¿Es posible ser una buena hija?

Ya no tengo idea de si era una buena hija.

Me parece que las buenas hijas habrían insistido en que sus padres mayores se mudaran con ellas o, al menos, pasarían la mayor parte del tiempo haciendo sopas y cambiando sábanas. En vez de eso, llamé todas las noches, me registré y fui a visitarlo una vez cada dos semanas más o menos.

Mi hermano estaba allí mucho más a menudo, en parte porque vivía a solo veinte minutos de Brooklyn, pero principalmente porque había asistido a la ocasión y aceptó la responsabilidad del día a día de la existencia de mi padre cuando murió, hace tres años, de lo que mi padre llamó la "trifecta": epilepsia, Parkinson y cáncer.

Mi hermano hizo la mayor parte del trabajo, llevándolo desde la calle 17 hasta el centro oncológico NYU en la calle 34 porque mi padre estaba demasiado arrugado, su cuerpo demasiado rígido, su miedo al dolor físico demasiado grande, para que lo subieran a un taxi. Fue mi hermano quien lo tomó por quimioterapia y radiación, haciendo diecisiete la caminata en silla de ruedas en la nieve, bajo la lluvia, antes de que saliera el sol, como si mi padre fuera una carta que mi hermano, el audaz cartero postal tuvo que entregar.
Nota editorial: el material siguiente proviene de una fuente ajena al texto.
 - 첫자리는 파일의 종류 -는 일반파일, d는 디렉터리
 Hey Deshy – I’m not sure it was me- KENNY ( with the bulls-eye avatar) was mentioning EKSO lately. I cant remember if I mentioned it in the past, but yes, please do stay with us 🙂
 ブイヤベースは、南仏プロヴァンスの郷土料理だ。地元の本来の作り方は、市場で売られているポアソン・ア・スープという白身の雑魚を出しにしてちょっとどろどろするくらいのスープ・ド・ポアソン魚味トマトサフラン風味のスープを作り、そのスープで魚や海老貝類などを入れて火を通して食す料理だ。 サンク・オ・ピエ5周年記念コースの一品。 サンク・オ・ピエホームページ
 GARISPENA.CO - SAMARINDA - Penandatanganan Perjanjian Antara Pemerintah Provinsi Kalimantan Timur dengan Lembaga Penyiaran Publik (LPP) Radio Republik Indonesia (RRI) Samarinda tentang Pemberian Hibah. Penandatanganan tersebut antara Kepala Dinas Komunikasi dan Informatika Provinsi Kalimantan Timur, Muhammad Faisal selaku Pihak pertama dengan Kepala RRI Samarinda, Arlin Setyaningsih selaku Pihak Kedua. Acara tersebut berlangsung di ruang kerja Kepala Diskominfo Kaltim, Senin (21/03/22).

La parte que mi padre odiaba más por estar en la Fuerza Aérea del Ejército en la Segunda Guerra Mundial no era que la gente le disparara, sino que alguien más tenía el derecho de decirle cuándo despertarse, irse a dormir o fumar. Al final de su vida, había asistentes de salud que se ocupaban de él y, por lo tanto, le indicaban cuándo comer, dormir y tomar su medicación. Séneca, el filósofo, dijo una vez: "A veces, al tratar de escapar de nuestro destino, saltamos a alcanzarlo". Mi padre, que nunca se volvió a casar después de que mi madre murió en 1974 porque no quería terminar en deuda con nadie, terminó siendo dependiente de todos.

La última vez que fui a la ciudad a ver a mi papá, fue de 101 grados. Tenía una pequeña maleta que contenía lasaña congelada, que traje para tentar el apetito decreciente de mi padre. Mi hermano, mi padre y yo nos conocimos en la Universidad de Nueva York para poder hablar con el oncólogo.
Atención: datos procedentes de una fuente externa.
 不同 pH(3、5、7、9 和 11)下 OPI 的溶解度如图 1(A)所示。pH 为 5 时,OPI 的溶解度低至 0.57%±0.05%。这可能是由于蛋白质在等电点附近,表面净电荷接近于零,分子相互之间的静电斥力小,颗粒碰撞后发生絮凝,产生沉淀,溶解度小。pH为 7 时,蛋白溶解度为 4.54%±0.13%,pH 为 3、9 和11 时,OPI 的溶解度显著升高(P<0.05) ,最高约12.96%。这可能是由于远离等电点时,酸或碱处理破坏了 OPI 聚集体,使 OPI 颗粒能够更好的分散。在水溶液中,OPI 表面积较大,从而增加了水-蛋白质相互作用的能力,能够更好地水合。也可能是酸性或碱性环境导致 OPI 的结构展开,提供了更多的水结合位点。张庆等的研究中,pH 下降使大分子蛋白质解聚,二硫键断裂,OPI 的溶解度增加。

Cuando estoy en Manhattan, generalmente tengo la sensación de que, sea lo que sea que esté haciendo, alguien más dentro de los treinta bloques está haciendo lo mismo.

No ese día. Por una vez fui sui generis. Incluso en Manhattan, no había demasiadas mujeres de mediana edad llevando la lasaña congelada por la ciudad como una especie de ofrenda votiva a los dioses de la enfermedad y la vejez.
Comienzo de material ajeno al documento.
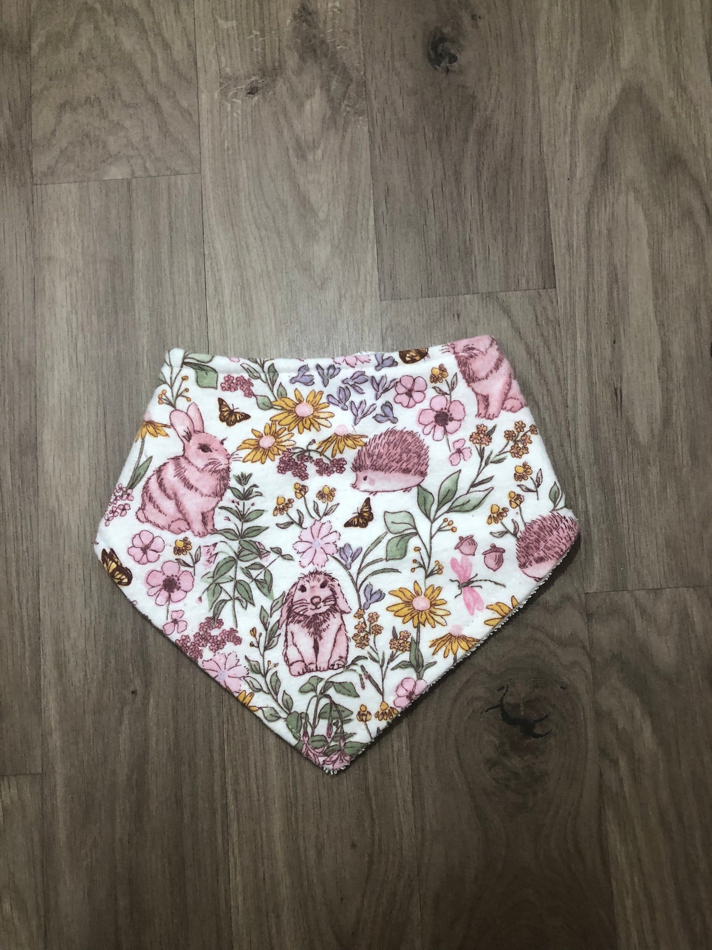 These beautiful bibs are handmade with cotton on the front and absorbent toweling on the back.

¿Sabes lo que es tratar con un ser querido que está muy enfermo?

Es como llevar a alguien a la estación de tren donde se supone que debes dejarlos, decir tus mejores despedidas y despedirte de la plataforma mientras se dirigen a la siguiente parte de su viaje.

Crees que sabes lo que va a pasar.

Pero tú no. Porque es como llegar a la estación y ver que su tren se ha retrasado. No sabes cuándo se irán y te sientas a esperar la partida, sin saber qué decir aparte de los comentarios habituales sobre si las maletas están bien empaquetadas, lo que disfrutaron de su visita y en qué piensan. hacia donde van.

Durante el último año de su vida, me senté junto a mi padre, mirando hacia el tablero de salidas para que ambos pudiéramos averiguar cuándo iba a subirse al tren.

No sé qué más hubiera hecho una buena hija, una mejor hija. Pero lo pienso, cerca del Día del Padre, y me pregunto.